Excerpted from introduction
The aim of this paper is to explore the concept of care in relation to masculinity in early childhood education (ECEC) by building on long-term ethnographic studies in Sweden and Indonesia. In this study, hegemonic norms about ‘real men’ in urban west Java, intersected with norms about religion, and in urban west Sweden with norms about gender equality. The fieldnotes emanate from studies in ECEC settings in urban middle-class environments. The purpose is not to compare Indonesia and Sweden as national units, but to use examples from local ECEC settings and pose questions about how positions such as ‘normal men’ and ‘men as role models’ are produced in relation to professional care, through different local cultural understandings of education. In Indonesia as well as in Sweden, masculinity is fraught with ambiguities on how to relate to care. Through the data, it became possible to see how this ambivalence was manifested and expressed in different ways by men in Indonesia and Sweden. In the paper, I argue that stereotypes of ‘normal men’ did not differ in any significant way across the ECEC contexts. All men who were part of the study in Indonesia as well as in Sweden, were expected to take positions as ‘role models’ and teach discipline or self-control, in relation to local understandings of these positions. At the same time care was seen as ambivalent for all men in the study. However, the way care was negotiated differed as well as how the men handled fear and shame following processes of marginalisation that set them apart from the ‘normal men’.
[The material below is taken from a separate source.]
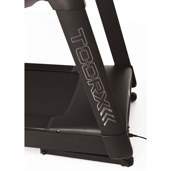 Elegantní, moderní a hlavně výkonný běžecký pás TRX 3500 je modelem z edice trenažérů TOORX Chrono Line Pro. Trenažéry z této řady jsou vhodné nejen na trénink v domácím prostředí, ale díky certifikaci ve třídě S, i pro lehce komerční provoz. Trenažér TRX 3500 je vybaven tichým AC motorem s maximálním výkonem 4,5 PS a běžeckou plochou s nadstandartním rozměrem 164 x 60 cm. Na konzoli se prostřednictvím 7 bíle podsvícených LED displejů zobrazují všechny důležité tréninkové hodnoty. Programová nabídka zahrnuje celkem 9 programů s různou úrovní intenzity, trénink si tak uživatel může přizpůsobit na míru svoji aktuální kondici. Pás je navíc vybaven integrovaným Bluetooth modulem, využít tak lze i kompatibilních tréninkových aplikací Kinomap nebo Zwift (předplatná nejsou v ceně).
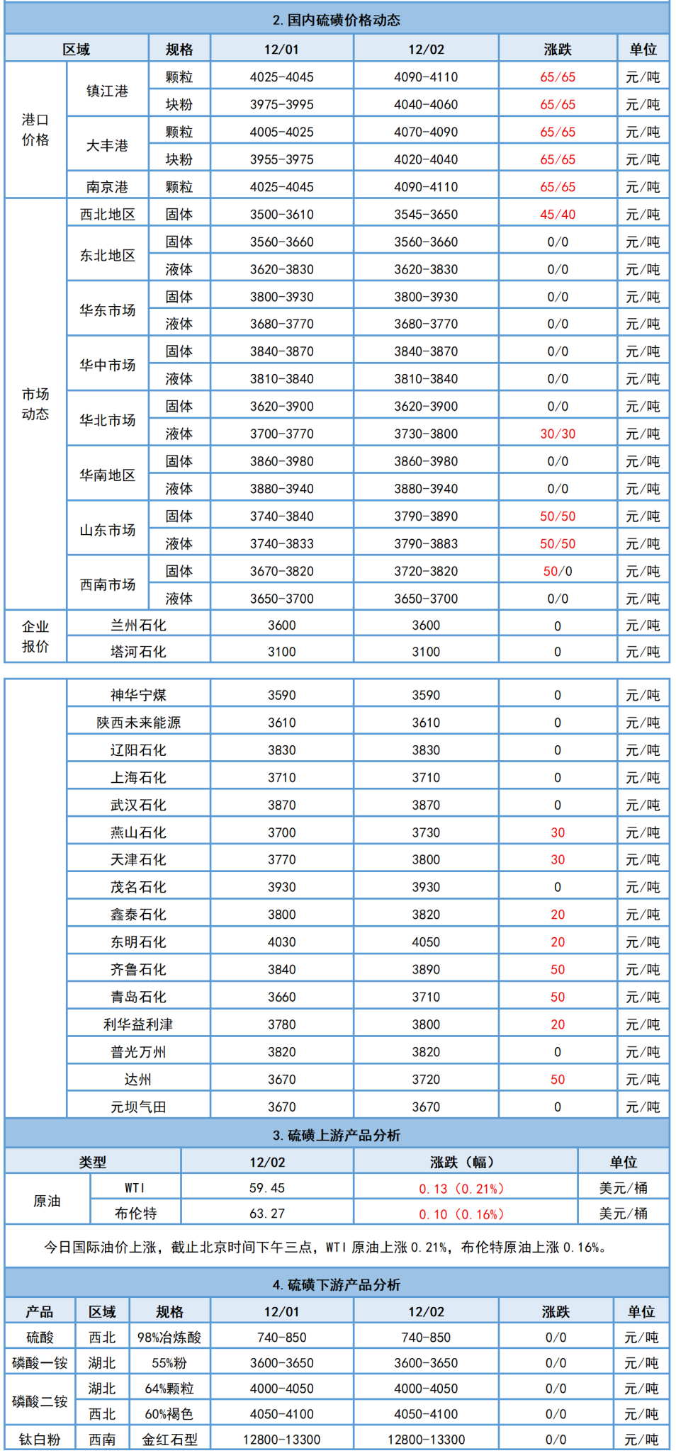 12月2日硫磺日評:國產硫磺價格穩中上行,港口硫磺價格繼續上漲

The ambivalence that the notion of caring carries for men in different professions manifests itself across the globe (Brody 2015). As discussed by researchers within the field of ECEC (Einarsdottir et al. 2014) as well as in studies of gender and ethnicity (Hankivsky 2014), there is a need for more research on care, especially on the way care intersects with other situated norms and values. In this article, I will discuss how care intersects with idealised and marginalised masculinity. However, this kind of ‘sensitive data’ is not easily accessed. My contribution to the field of ethnography and education lies not just in the results of the cross-national study, but also in how this data became possible through ethnographic methodology (Marcus and Fischer 2014). I argue that ethnographic methodology building on long-term relations, situated knowledge and trust, is essential to produce material that otherwise is not only hidden but also non-existent.